PROVIDED DATA:
+---+
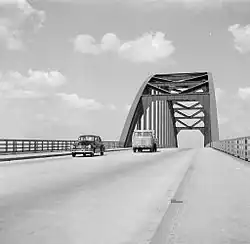 - Begin jaren '60 ontstonden bij de smalle boogbrug steeds vaker files. In 1967 werden daarom buiten de bogen rijstroken voor langzaamverkeer aangebracht zodat binnen de bogen het snelverkeer kon uitbreiden naar 2x2 rijstroken.
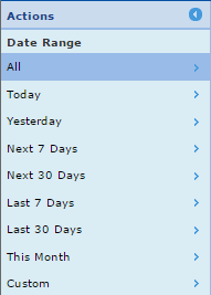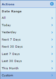 Use the Actions bar on the left to select a Date Range. You can select from either All, Today, Yesterday, Next 7 Days, Next 30 Days, Last 7 Days, Last 30 Days, This Month or Custom:
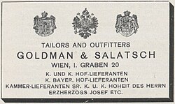 - ↑ Goldman & Salatsch. In: Jubiläums-Festnummer der kaiserlichen Wiener Zeitung 1703–1903. Beilage Kommerzieller Teil. Alfred von Lindheim. Druck und Verlag K. K. Hof- und Staatsdruckerei, Wien, 8. August 1903, S. 155, abgerufen am 31. Juli 2009.
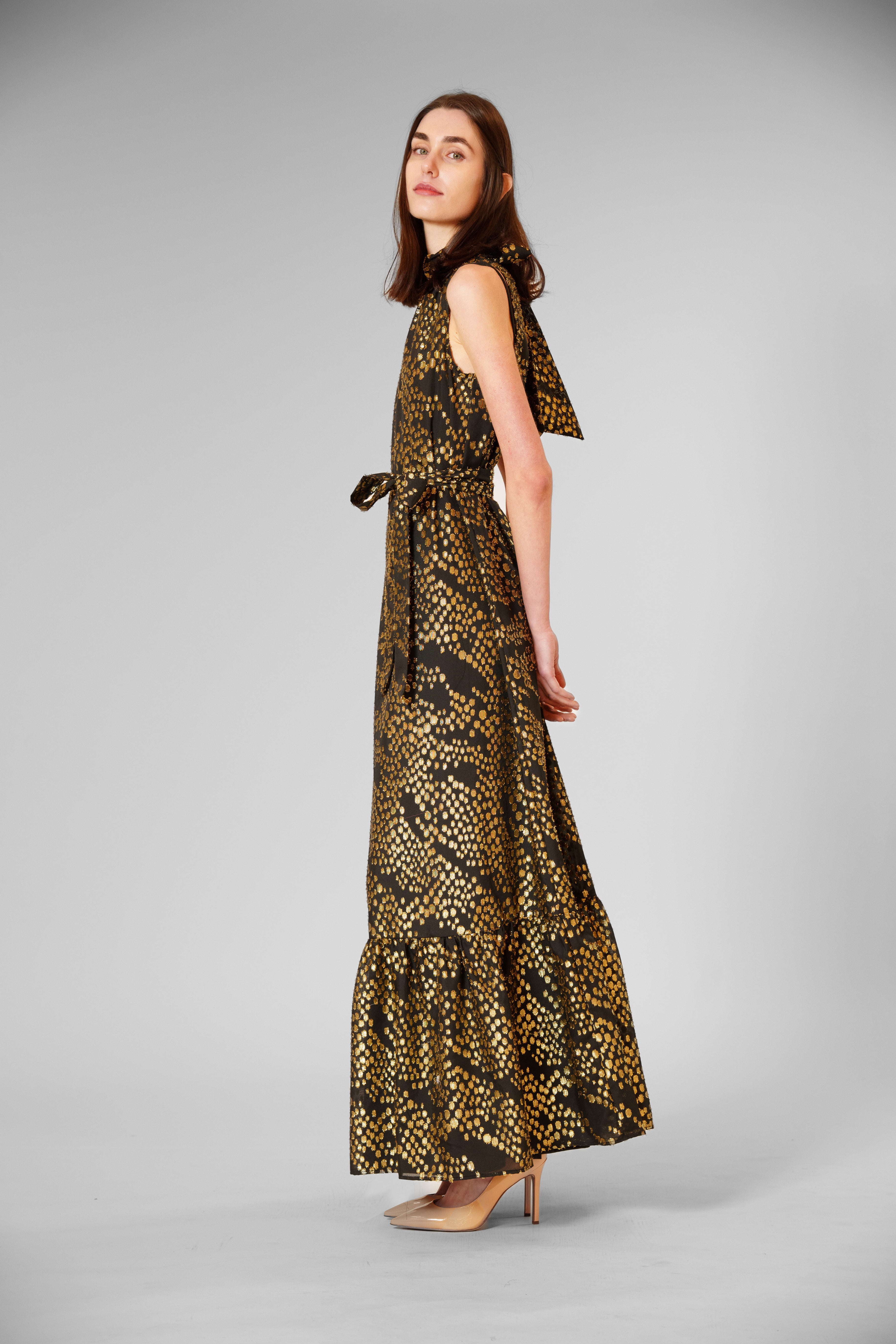 This breathtaking lurex chiffon textured evening gown shimmers with a luxurious gold and black pattern, featuring a graceful high neckline, a waist-cinching sash belt that flatters the figure, and a flowing skirt with delicate ruffled hems—making it an ideal choice for special occasions like weddings,galas, milestone birthday celebrations, or elegant holiday gatherings.
+---+
Print the listing exactly, minus any pictures.

ANSWER TO THE PROBLEM:
 - Begin jaren '60 ontstonden bij de smalle boogbrug steeds vaker files. In 1967 werden daarom buiten de bogen rijstroken voor langzaamverkeer aangebracht zodat binnen de bogen het snelverkeer kon uitbreiden naar 2x2 rijstroken.
 Use the Actions bar on the left to select a Date Range. You can select from either All, Today, Yesterday, Next 7 Days, Next 30 Days, Last 7 Days, Last 30 Days, This Month or Custom:
 - ↑ Goldman & Salatsch. In: Jubiläums-Festnummer der kaiserlichen Wiener Zeitung 1703–1903. Beilage Kommerzieller Teil. Alfred von Lindheim. Druck und Verlag K. K. Hof- und Staatsdruckerei, Wien, 8. August 1903, S. 155, abgerufen am 31. Juli 2009.
 This breathtaking lurex chiffon textured evening gown shimmers with a luxurious gold and black pattern, featuring a graceful high neckline, a waist-cinching sash belt that flatters the figure, and a flowing skirt with delicate ruffled hems—making it an ideal choice for special occasions like weddings,galas, milestone birthday celebrations, or elegant holiday gatherings.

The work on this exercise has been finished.